## Problem to work on
Transcribe, word for word, every line from the one containing "At a certain" through the final line of the records, and omit the pictures.

## Supplied data
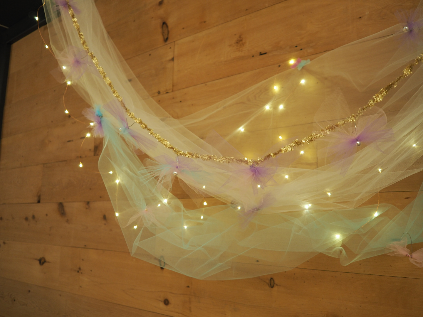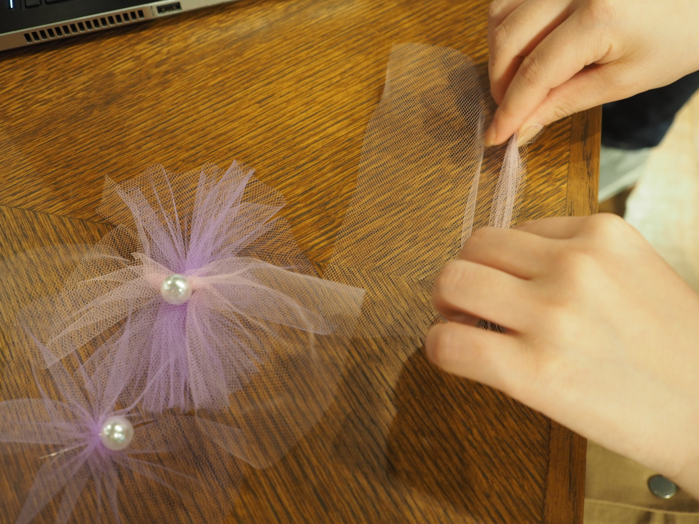 部員で協力しながら作ったチュールの飾りをところどころにくっつけて、さらに華やかな仕上がりに。
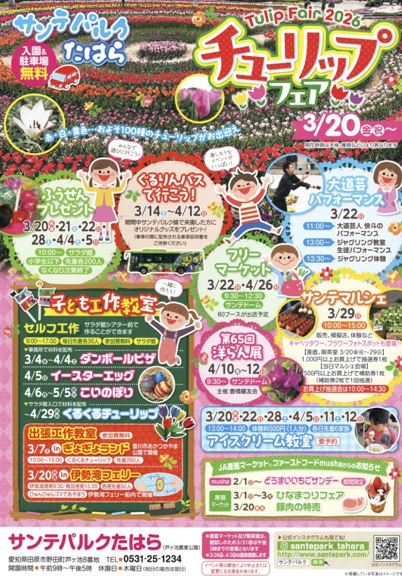 - サンテパルクたはら【チューリップフェア】3/20(金・祝)〜 2026年3月10日
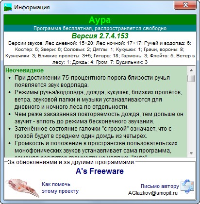 "Аура" — это программа, которая создает на вашем компьютере звуковую атмосферу дневного и ночного леса. Достаточно одного щелчка по значку, чтобы выключить или включить воспроизведение. Пульт управления, вызываемый правым кликом по значку, позволяет настроить активность птиц, цикад, ручья, водопада, дождя, грома, костра, зверей, флейты, гитары, скрипки, виолончели, назначить автоматическую смену аур (с заданной периодичностью или в соответствии с временем суток), задать автоматический старт программы при включении ПК, выбрать автоматическое выключение компьютера в заданное время (для любителей засыпать под умиротворяющие звуки леса).
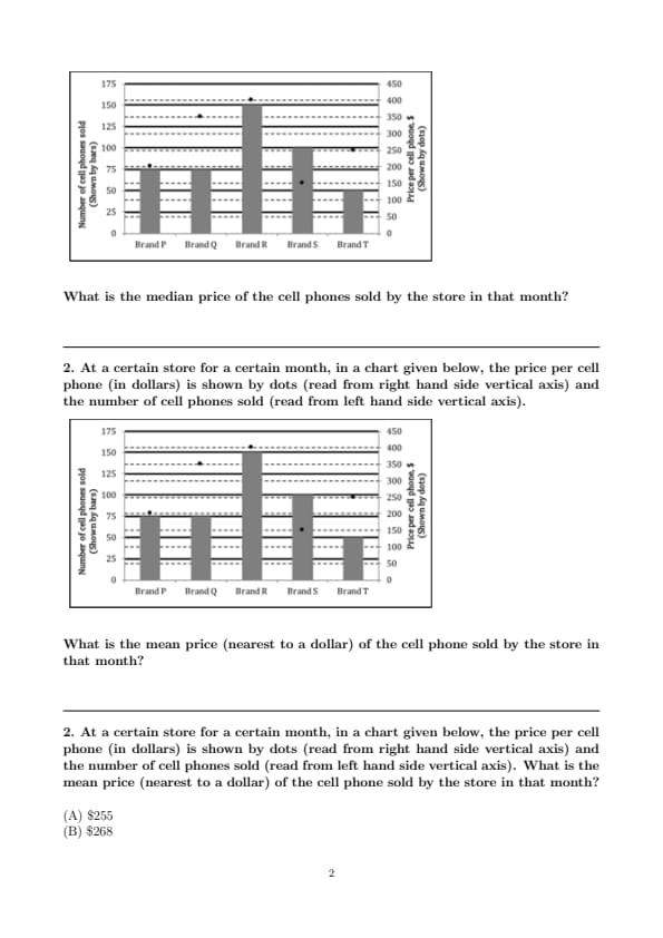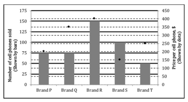 At a certain store for a certain month, in a chart given below, the price per cell phone (in dollars) is shown by dots (read from right hand side vertical axis) and the number of cell phones sold (read from left hand side vertical axis).
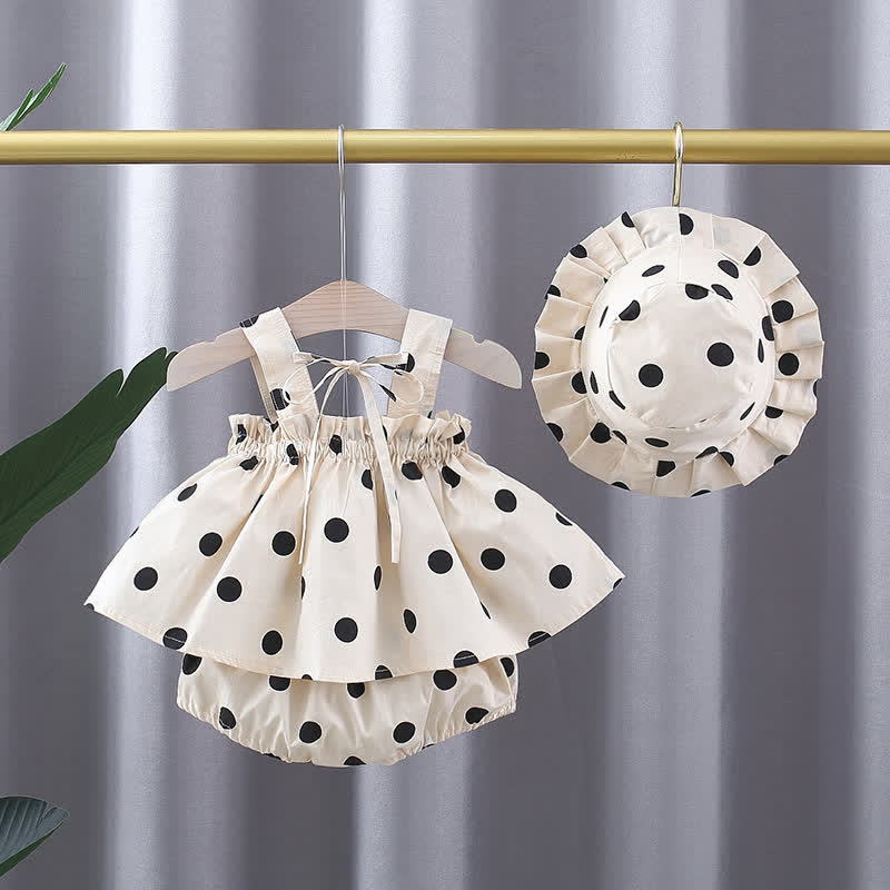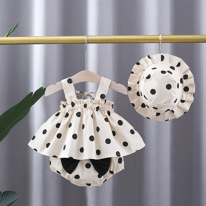 Baby Dot Camisole Bowknot Shorts with Hat

## Finished exercise
 At a certain store for a certain month, in a chart given below, the price per cell phone (in dollars) is shown by dots (read from right hand side vertical axis) and the number of cell phones sold (read from left hand side vertical axis).
 Baby Dot Camisole Bowknot Shorts with Hat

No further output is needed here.